Backup randomly stops

m.witt

New Member
Aug 31, 2020
2
0
1
26
Hi,
im trying to backup about 40 VMs with PBS.

The backup stops/fails everyday at a different VM. From the logs i can't really see the cause. Only the following error is printed :


Sep 2 09:00:26 prx002 vzdump[15610]: ERROR: Backup of VM 2026 failed - start failed: org.freedesktop.DBus.Error.Disconnected: Connection is closed
Sep 2 09:00:26 prx002 vzdump[15610]: INFO: Starting Backup of VM 2027 (qemu)

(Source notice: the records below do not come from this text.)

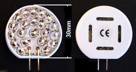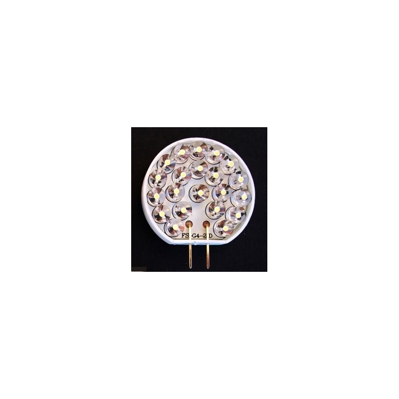 Bombillas de 21 Led Bombin encapsulado con Circuito PCB Redondo de 30mm y 2 patas de Contacto para Casquillo G4, Colores: Blanco frio.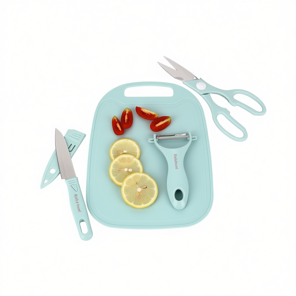 Myrva Knife Set With Board 4 Piece Aluminum Blade Plastic Handle Serrated Edge Ambidextrous Kitchen Cutlery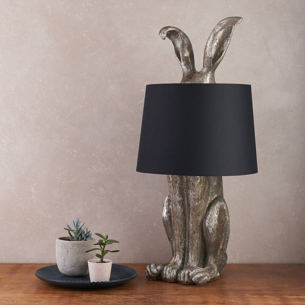 Searching for a statement piece that blends whimsy with sophisticated design? Our Hare Table Lamp is the perfect addition to any home. Boasting intricate detail on the hare’s body and signature large, floppy ears, this metallic table light brings a touch of personality to your space.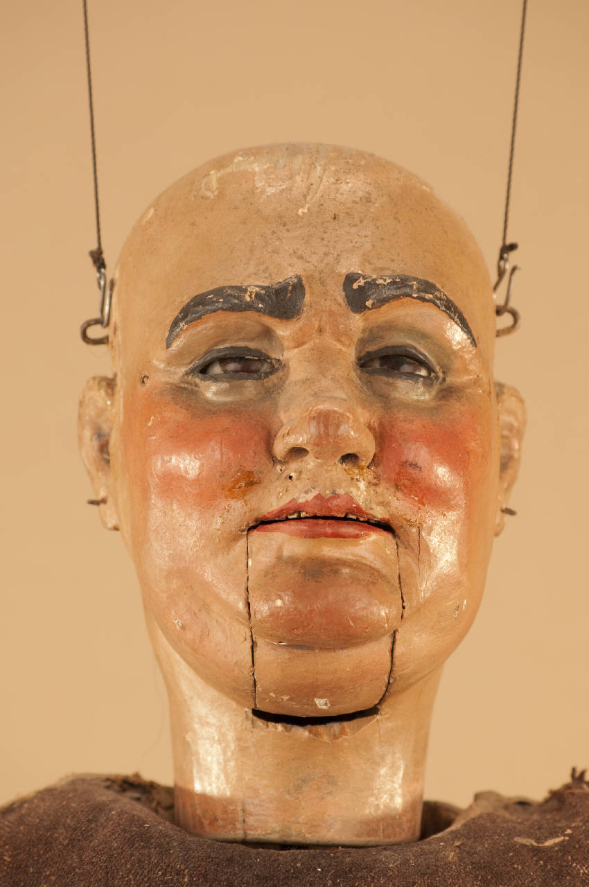 Testa in legno di tiglio con anello in ferro per bloccaggio al corpo. Occhi di vetro mobili. Bocca mobile. Tassello posteriore per intervenire sui meccanismi interni.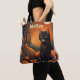 Eine schwarze schwarze Katze mit leuchtenden orangefarbenen Augen sitzt inmitten eines Pfeils aus Kürbis, die in das silberne Licht eines Vollmondes gebadet werden. Interessanterweise sind Kürbisse technisch fruchtig, da sie Samen enthalten und sich aus der Blume der Pflanze entwickeln. Dieses bezaubernde Design vereint das Wesen einer ruhigen Halloween-Nacht, in der Magie und Natur miteinander verwoben sind.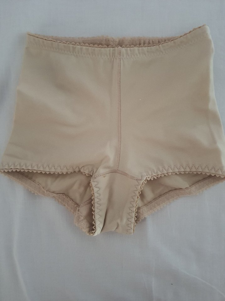 Bej renkli, vintage tarzda, kısa mini uzunlukta ve desensiz kadın külot korse. Konvansiyonel kesimi rahatlık ve sade şıklık sunar.
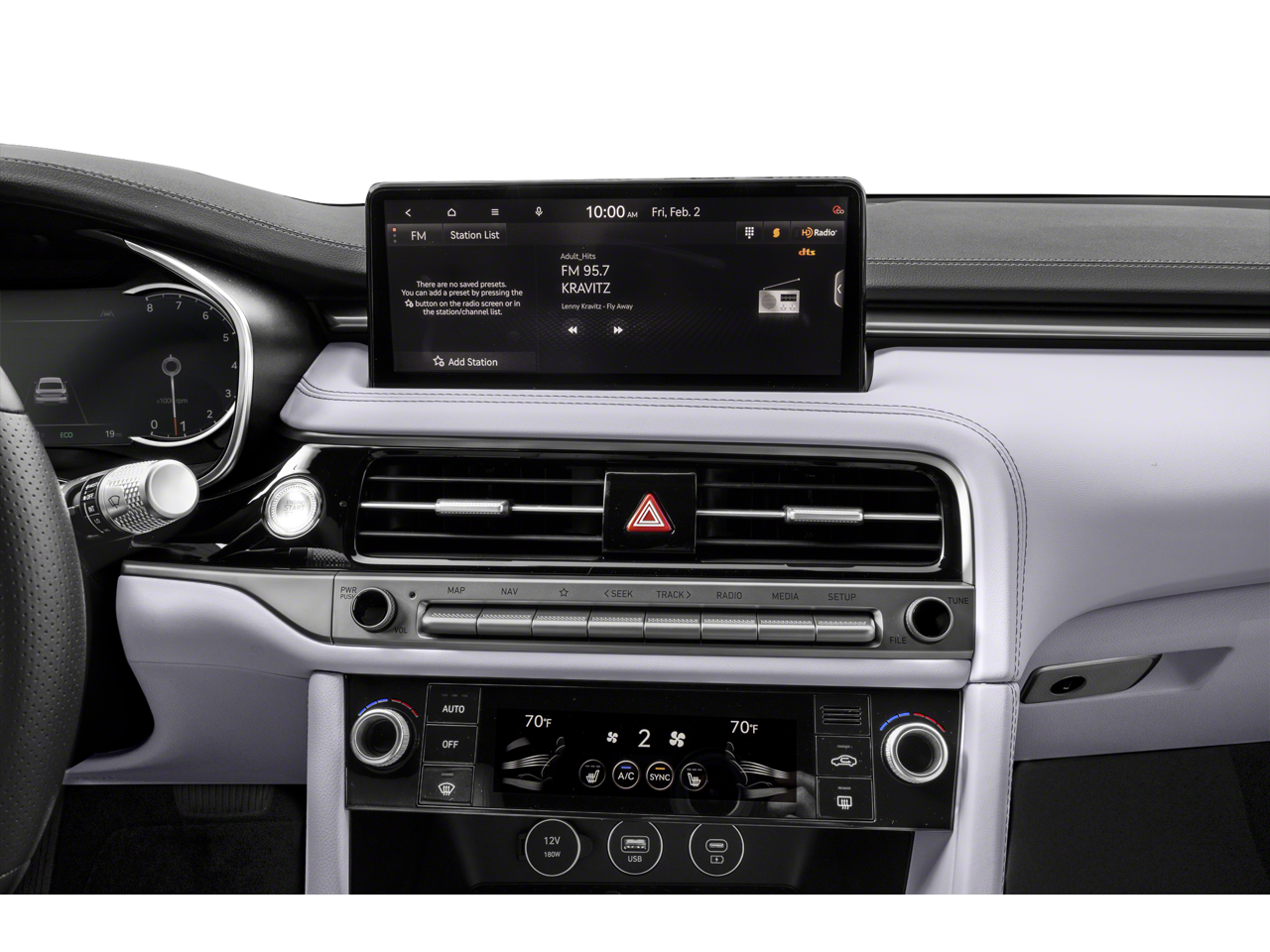 - Radio: AM/FM/SiriusXM/HD Audio System -inc: 6 speakers, 5th generation navigation system w/10.25" touchscreen, dynamic voice recognition, connected routing, over the air updates, Android Auto and Apple CarPlay, SiriusXM Radio w/90-day trial subscription (not available in Alaska or Hawaii), Genesis connected services, Bluetooth® hands-free phone and audio streaming system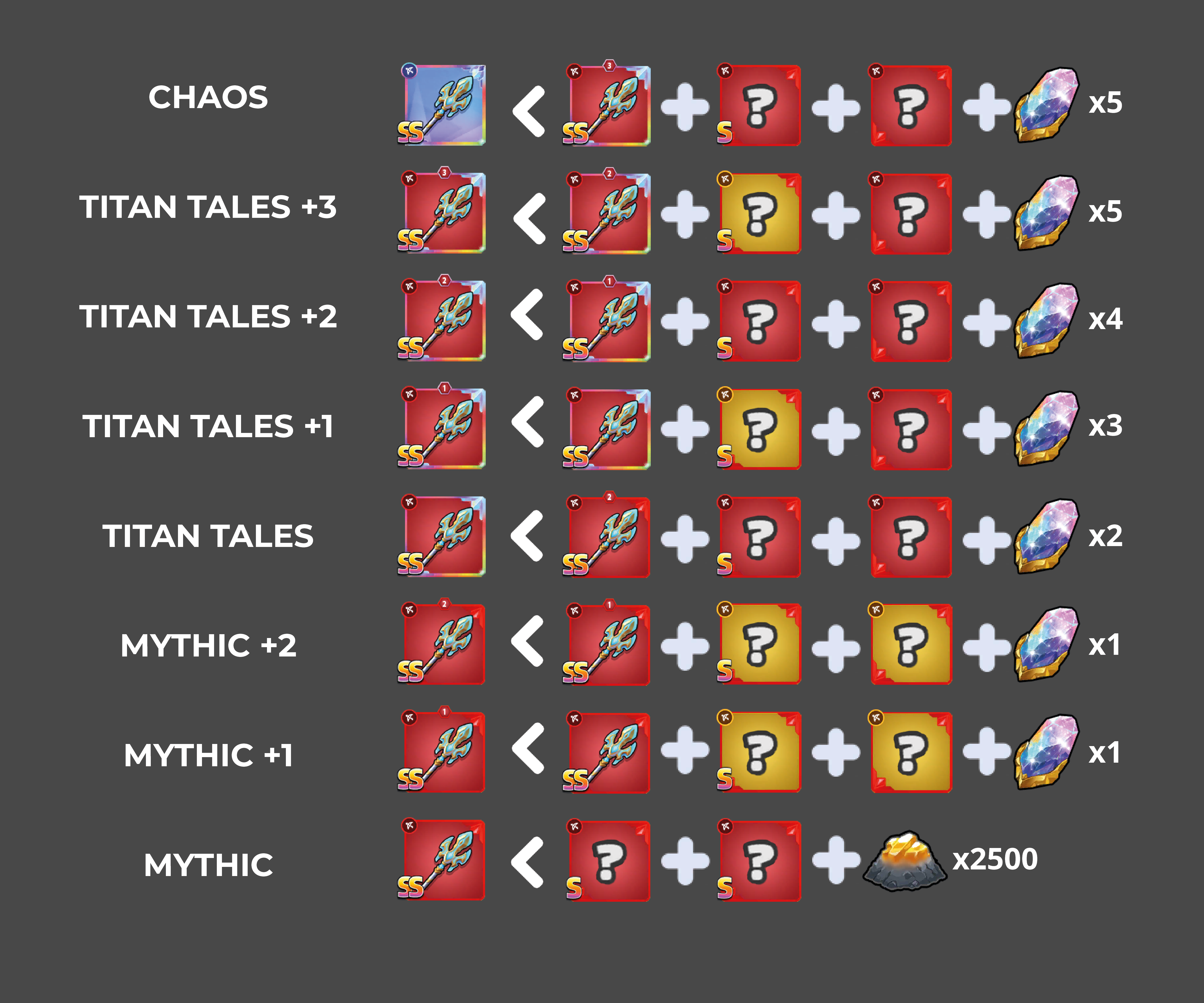 S級装備の実装と同時に、ミシック以上の通常装備を全てミシックまでダウングレードできるようになったので、最終的には既存の装備は全てS級装備のグレードアップに使えということだろうか。あるいは、かねてより祭壇・精錬などに回す装備不足が指摘されていたので通常装備はそちらへ回せということかもしれない。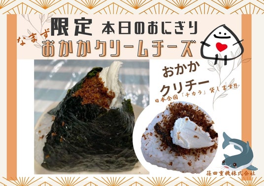 今回のイベントに合わせて企画したのは「なまずおかかクリームチーズおにぎり」です。"なまず"に見立てて、おかか(鰹節)の旨味をベースに、まろやかなクリームチーズを合わせました。コクがありつつもやさしい味わいで、子どもから大人まで幅広く楽しんでいただける一品です。奇跡のお米「女神のほほえみ」で丁寧に握り、ほっとする美味しさと遊び心を込めた限定おにぎりに仕上げました。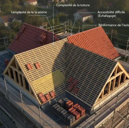 - L’état de la toiture existante : une dépose complète ou des réparations préalables peuvent alourdir la facture.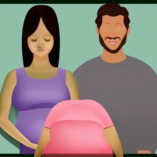 Prompt: a front view family portrait of a smiling hispanic pregnant lady illustration, trending on artstation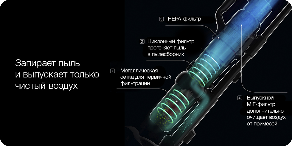 Для наилучшей фильтрации поступающего воздуха в пылесосе Jimmy воплощена технология трехступенчатой циклонной фильтрации, которая эффективно улавливает содержащиеся в воздухе пыль и частицы, предотвращая образование пробок и поддерживая высокую мощность всасывания. Особые фильтрующие материалы улавливают частицы пыли и аллергенов размером до 0.3 мкм, чтобы из пылесоса выходил только чистый воздух.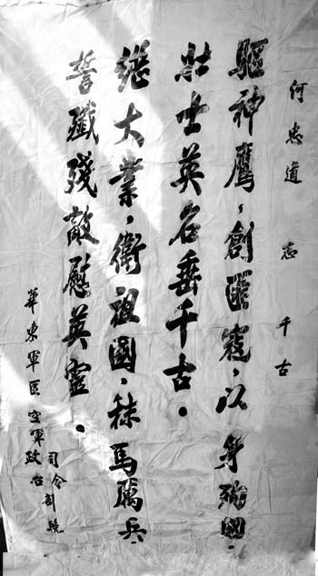 何忠道的犧牲,引起了整個(gè)空軍系統(tǒng)的震憾,人民空軍舉行了隆重的追悼大會(huì)??哲姍C(jī)關(guān)、華東軍區(qū)、生前所在部隊(duì)機(jī)關(guān)、戰(zhàn)友送了幾十幀挽幛。空軍司令員劉亞樓、副司令員常乾坤、副政委吳法憲、參謀長(zhǎng)王秉璋聯(lián)名敬獻(xiàn)的挽幛上書(shū):“殲滅美國(guó)侵略者,堅(jiān)決保衛(wèi)祖國(guó)領(lǐng)空,為何忠道同志復(fù)仇!”華東軍區(qū)司令部、政治部敬獻(xiàn)的挽幛上書(shū):“驅(qū)神鷹,創(chuàng)飛寇,以身殉國(guó),壯士英名垂千古。創(chuàng)大業(yè),衛(wèi)祖國(guó),秣馬厲兵,誓殲殘敵慰英靈?!?/p>

Logs of the last two days are attached.

root@prx002:~# pveversion -v
proxmox-ve: 6.2-1 (running kernel: 5.4.55-1-pve)
pve-manager: 6.2-11 (running version: 6.2-11/22fb4983)
pve-kernel-5.4: 6.2-6
pve-kernel-helper: 6.2-6
pve-kernel-5.3: 6.1-6
pve-kernel-5.4.60-1-pve: 5.4.60-1
pve-kernel-5.4.55-1-pve: 5.4.55-1
pve-kernel-5.3.18-3-pve: 5.3.18-3
pve-kernel-5.3.18-2-pve: 5.3.18-2
ceph-fuse: 12.2.11+dfsg1-2.1+b1
corosync: 3.0.4-pve1
criu: 3.11-3
glusterfs-client: 5.5-3
ifupdown: 0.8.35+pve1
ksmtuned: 4.20150325+b1
libjs-extjs: 6.0.1-10
libknet1: 1.16-pve1
libproxmox-acme-perl: 1.0.4
libpve-access-control: 6.1-2
libpve-apiclient-perl: 3.0-3
libpve-common-perl: 6.2-1
libpve-guest-common-perl: 3.1-2
libpve-http-server-perl: 3.0-6
libpve-storage-perl: 6.2-6
libqb0: 1.0.5-1
libspice-server1: 0.14.2-4~pve6+1
lvm2: 2.03.02-pve4
lxc-pve: 4.0.3-1
lxcfs: 4.0.3-pve3
novnc-pve: 1.1.0-1
proxmox-mini-journalreader: 1.1-1
proxmox-widget-toolkit: 2.2-11
pve-cluster: 6.1-8
pve-container: 3.1-13
pve-docs: 6.2-5
pve-edk2-firmware: 2.20200531-1
pve-firewall: 4.1-2
pve-firmware: 3.1-3
pve-ha-manager: 3.0-9
pve-i18n: 2.1-3
pve-qemu-kvm: 5.0.0-13
pve-xtermjs: 4.7.0-2
qemu-server: 6.2-14
smartmontools: 7.1-pve2
spiceterm: 3.1-1
vncterm: 1.6-2
zfsutils-linux: 0.8.4-pve1

Any hints on how i can debug this ?
 

Attachments

  • vzdump0109-0209.txt
    19.6 KB · Views: 8

wolfgang

Proxmox Staff Member
Staff member
Oct 1, 2014
6,293
435
103
Hi,

Is your PBS updated?
and can you send the version of "libproxmox-backup-qemu0" and "proxmox-backup-client" on the PVE host?
Does a Desktop environment is installed on this PVE host?
 

abien

New Member
Apr 16, 2020
14
0
1
41
Is your PBS updated?
and can you send the version of "libproxmox-backup-qemu0" and "proxmox-backup-client" on the PVE host?
Does a Desktop environment is installed on this PVE host?

PBS is updated.
Code:
ii  proxmox-backup-server          0.8.13-1                     amd64        Proxmox Backup Server daemon with tools and GUI

Please see below for requested versions on the PVE Host:
Code:
ii  libproxmox-backup-qemu0              0.6.4-1                             amd64        Proxmox Backup Server client library for QEMU
ii  proxmox-backup-client                0.8.13-1                            amd64        Proxmox Backup Client tools

There is no desktop / GUI installed on either of the servers.
Both hosts where installed with the corresponding official ISO.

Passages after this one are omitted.